* Exercise instructions: Skipping all pictures, set down the lines of the listing from the first through the one with "-. Title : Purina".

* Records to process:
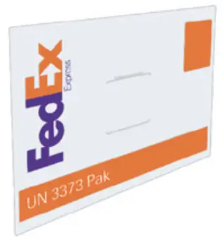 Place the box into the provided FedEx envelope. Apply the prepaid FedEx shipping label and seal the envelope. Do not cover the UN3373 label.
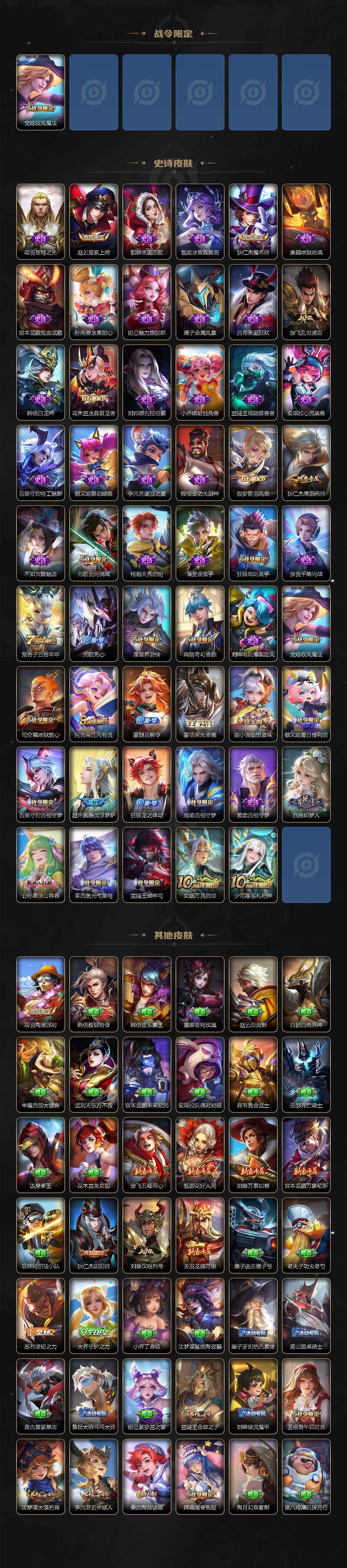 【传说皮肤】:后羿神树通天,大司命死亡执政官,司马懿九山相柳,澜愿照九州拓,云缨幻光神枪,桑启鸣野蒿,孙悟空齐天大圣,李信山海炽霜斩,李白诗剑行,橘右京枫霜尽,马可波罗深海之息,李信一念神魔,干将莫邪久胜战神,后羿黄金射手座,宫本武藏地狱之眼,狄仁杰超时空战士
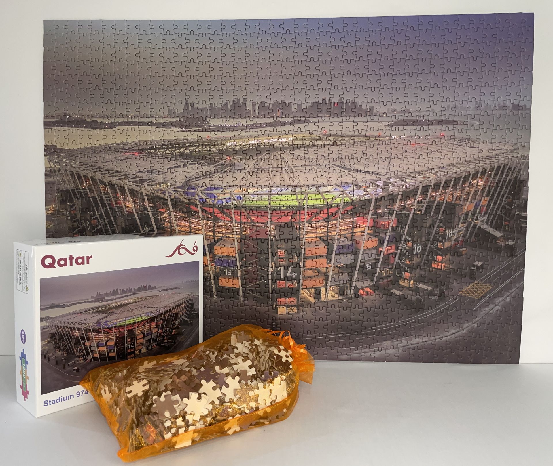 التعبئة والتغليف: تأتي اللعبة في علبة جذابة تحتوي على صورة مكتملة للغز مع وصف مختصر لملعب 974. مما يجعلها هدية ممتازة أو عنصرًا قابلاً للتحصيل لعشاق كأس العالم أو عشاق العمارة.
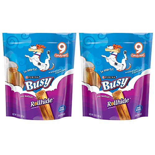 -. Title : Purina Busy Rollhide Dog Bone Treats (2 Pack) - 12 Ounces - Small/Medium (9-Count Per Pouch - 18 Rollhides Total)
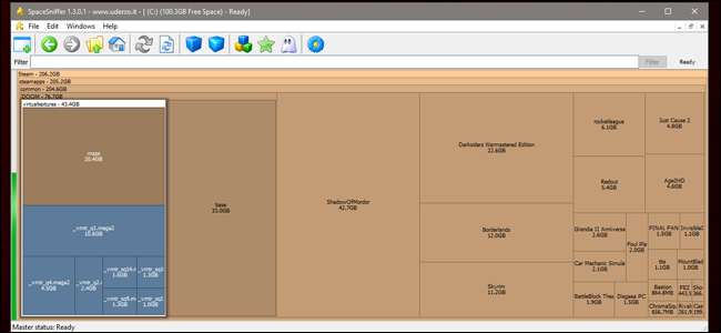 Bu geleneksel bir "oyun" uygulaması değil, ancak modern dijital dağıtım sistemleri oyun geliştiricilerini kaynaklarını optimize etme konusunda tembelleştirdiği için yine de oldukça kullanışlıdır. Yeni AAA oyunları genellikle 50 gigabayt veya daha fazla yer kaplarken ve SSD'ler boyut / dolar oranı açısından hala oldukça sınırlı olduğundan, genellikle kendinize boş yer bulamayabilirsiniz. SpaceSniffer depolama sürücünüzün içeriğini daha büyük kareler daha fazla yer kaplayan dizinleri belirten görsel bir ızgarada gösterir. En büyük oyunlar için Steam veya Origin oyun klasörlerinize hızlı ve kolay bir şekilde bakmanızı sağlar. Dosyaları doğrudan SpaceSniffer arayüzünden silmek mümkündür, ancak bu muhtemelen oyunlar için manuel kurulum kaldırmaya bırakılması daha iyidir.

* Response area:
 Place the box into the provided FedEx envelope. Apply the prepaid FedEx shipping label and seal the envelope. Do not cover the UN3373 label.
 【传说皮肤】:后羿神树通天,大司命死亡执政官,司马懿九山相柳,澜愿照九州拓,云缨幻光神枪,桑启鸣野蒿,孙悟空齐天大圣,李信山海炽霜斩,李白诗剑行,橘右京枫霜尽,马可波罗深海之息,李信一念神魔,干将莫邪久胜战神,后羿黄金射手座,宫本武藏地狱之眼,狄仁杰超时空战士
 التعبئة والتغليف: تأتي اللعبة في علبة جذابة تحتوي على صورة مكتملة للغز مع وصف مختصر لملعب 974. مما يجعلها هدية ممتازة أو عنصرًا قابلاً للتحصيل لعشاق كأس العالم أو عشاق العمارة.
 -. Title : Purina Busy Rollhide Dog Bone Treats (2 Pack) - 12 Ounces - Small/Medium (9-Count Per Pouch - 18 Rollhides Total)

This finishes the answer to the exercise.